Schade, Schade, Schade.

Ich möchte mich im Namen aller Helfer für EUERE Teilnahme und den tollen Rückmeldungen bedanken. Ich weiß wohl dass viele Faktoren Heute ungünstig waren, um einen neuen Rekord aufzustellen (Wetter, WM, Ferienanfang, CTF in Bexbach)- aber beim nächsten Mal klappts bestimmt, da bin ich ganz zuversichtlich - und da bist DU auch sicher wieder dabei!?
Also macht nun ein wenig Werbung für UNS und postet EURE Eindrücke jetzt und hier! Danke!   

Snison


----------



## MTB-News.de




----------



## snison (3. Juli 2010)

> hab übrigens nach 1500 hm immer wieder ungläubig auf den höhenmesser geguckt. (incl. 2 kleiner extrarunden von höchstens 90 hm dann doch 1860 hm)



Was? Niemals! So viele Berge gibts doch im Saarland gar nicht!
Aber im Ernst, ich bin erschüttert, das hätte ich doch keinem zugemutet  - aber es sind neue Abschnitte hinzu gekommen mit dem ein und anderem Höhenmeter und das läppert sich dann doch zusammen. Ob das nun letztendlich so viele sind kommt auch auf die verschiedenen Systeme an - Die HAC z.B. rechnet erst Hm ab 2m Differenz, lässt also kleine Wellen unberücksichtigt.
Sni


----------



## Deleted 48245 (3. Juli 2010)

Mein ROX 9.0 sagt 1740 HM. Super Trails heute, für mich war es allerdings viel zu warm. Mal gespannt was die Beine morgen früh bei der Rallye noch hergeben können


----------



## chris84 (3. Juli 2010)

snison schrieb:


> Was? Niemals! So viele Berge gibts doch im Saarland gar nicht!
> Aber im Ernst, ich bin erschüttert, das hätte ich doch keinem zugemutet  - aber es sind neue Abschnitte hinzu gekommen mit dem ein und anderem Höhenmeter und das läppert sich dann doch zusammen.
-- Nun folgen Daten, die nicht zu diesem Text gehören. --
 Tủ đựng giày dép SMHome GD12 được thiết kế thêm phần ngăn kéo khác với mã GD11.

Ob das nun letztendlich so viele sind kommt auch auf die verschiedenen Systeme an - Die HAC z.B. rechnet erst Hm ab 2m Differenz, lässt also kleine Wellen unberücksichtigt.
> Sni


Böse Zungen behaupte gar es gäbe im Saarland gar keine Berge, sondern nur Hügel 

ich hatte mit dem Garmin übrigens auch aufgezeichnete 1700hm. Für eine CTF ist das schon sehr ordentlich, und da lohnt sich auch die weite Anreise! 
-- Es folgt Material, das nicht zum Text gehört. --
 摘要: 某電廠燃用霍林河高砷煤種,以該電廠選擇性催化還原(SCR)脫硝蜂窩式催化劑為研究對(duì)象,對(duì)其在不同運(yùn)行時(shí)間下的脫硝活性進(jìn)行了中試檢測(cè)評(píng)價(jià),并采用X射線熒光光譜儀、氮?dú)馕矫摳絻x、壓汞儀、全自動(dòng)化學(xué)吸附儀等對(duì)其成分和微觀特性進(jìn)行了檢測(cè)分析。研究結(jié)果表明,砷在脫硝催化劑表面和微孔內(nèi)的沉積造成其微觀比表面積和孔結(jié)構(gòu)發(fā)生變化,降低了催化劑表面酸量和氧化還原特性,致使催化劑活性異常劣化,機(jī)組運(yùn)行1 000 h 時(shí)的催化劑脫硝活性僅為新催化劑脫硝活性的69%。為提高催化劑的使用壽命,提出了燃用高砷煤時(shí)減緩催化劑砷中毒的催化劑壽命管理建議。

Schade dass es doch so wenig Teilnehmer waren... Aber wer lieber Fußball schaut, dem ist eh nicht zu helfen 

ich denke die Hitze hat schon den ein oder anderen abgeschreckt... diejenigen werden aber wohl nie in den Genuss kommen eine solche Strecke bei so perfekten Bodenbedingungen zu fahren!


----------



## Dämon__ (4. Juli 2010)

Nach einer Sauerstoffbehandlung und Wasserausgleichskur bin ich wieder fit einen klaren Gedanken zu fassen und muss mit erschrecken feststellen das die Strecke von euch mit unter das beste ist was man im Saarland findet.
Da muss ich mir ja noch was einfallen lassen für September.


----------



## DeLocke (4. Juli 2010)

Kann mich den positiven Worten eigentlich nur anschließen, die Strecke war richtig "heiß"
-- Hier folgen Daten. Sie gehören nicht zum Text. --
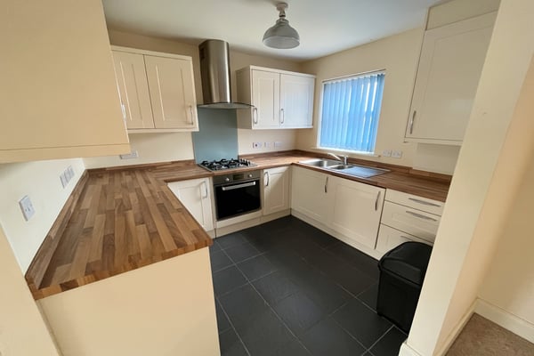 Fitted in a modern range of base and wall mounted units with work surfaces, single drainer sink unit, gas hob with oven and extractor, double glazed window to front, cupboard housing combi boiler, integrated fridge, freezer and washing machine, tiled flooring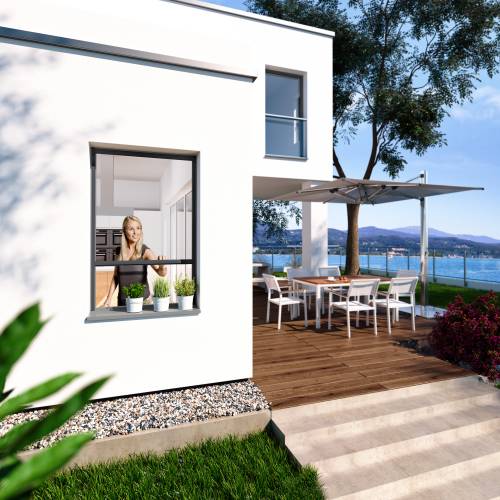 Moustiquaire en fibre de verre, résistante à la déchirure sur une longue durée de vie. Le store peut être coupé individuellement sur la longueur de la cassette jusqu’à 60 cm, le tissu en fibre de verre résistant à la déchirure garde éloignés les moustiques, mouches ou guêpes de manière fiable de vos quatre murs. La brosse spéciale anti-vent fixe de manière sûre le tissu en fibre de verre dans le rail de guidage également lors de grand vent. Montage dans l’ébrasement sans perçage à serrer (accessoires compris) ou à coller (accessoires non compris), montage frontal à visser sur le cadre de la fenêtre (accessoires compris). Garantie 5 ans sur le cadre d’aluminium et pièces de raccord. Place nécessaire (profondeur de montage) de 42mm.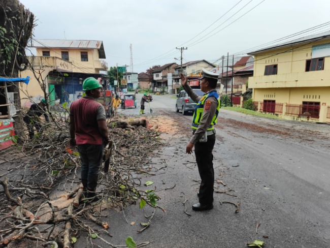 Kegiatan dilaksanakan oleh Kanit Kamsel Ipda Alan, S.H. bersama Bripka R. Pasaribu. Dalam kesempatan tersebut, petugas memberikan himbauan kepada pekerja yang sedang melakukan pemangkasan pohon di tepi jalan agar berhati- hati saat bekerja.

gute Trails bergauf und bergab, klasse Beschilderung, die Verpflegung war TOP und das kühle Weizen danach lässt mich immer noch sprachlos werden, dieses Gefühl von innerer Abkühlung 

bin nächstes jahr wieder am start, hoffentlich ohne knieprobleme


----------



## Deleted 183831 (4. Juli 2010)

Lob an das Orgateam. 
Die Strecke war einfach Klasse und hat tierisch viel Spaß gemacht.
Die Verpflegung war top und für die "Höllen"-hitze könnt ihr ja nix.
Aber die Hm haben mich auch Grübeln lassen, denn ich hatte nach 30km schon die 900Hm für die komplette 46km drauf. Nach der 2.VP bin ich dann aus Kraft- & Zeitgründen auf die 33km gewechselt und am Schluss hatt ich dann 1080Hm drauf. Was mich doch sehr gewundert hat. (Gemessen mit einem VDO).
Einen kleinen Verbesserungstip hätte ich noch, verpasst den Bodenlogos doch bitte einen größeren Pfeil.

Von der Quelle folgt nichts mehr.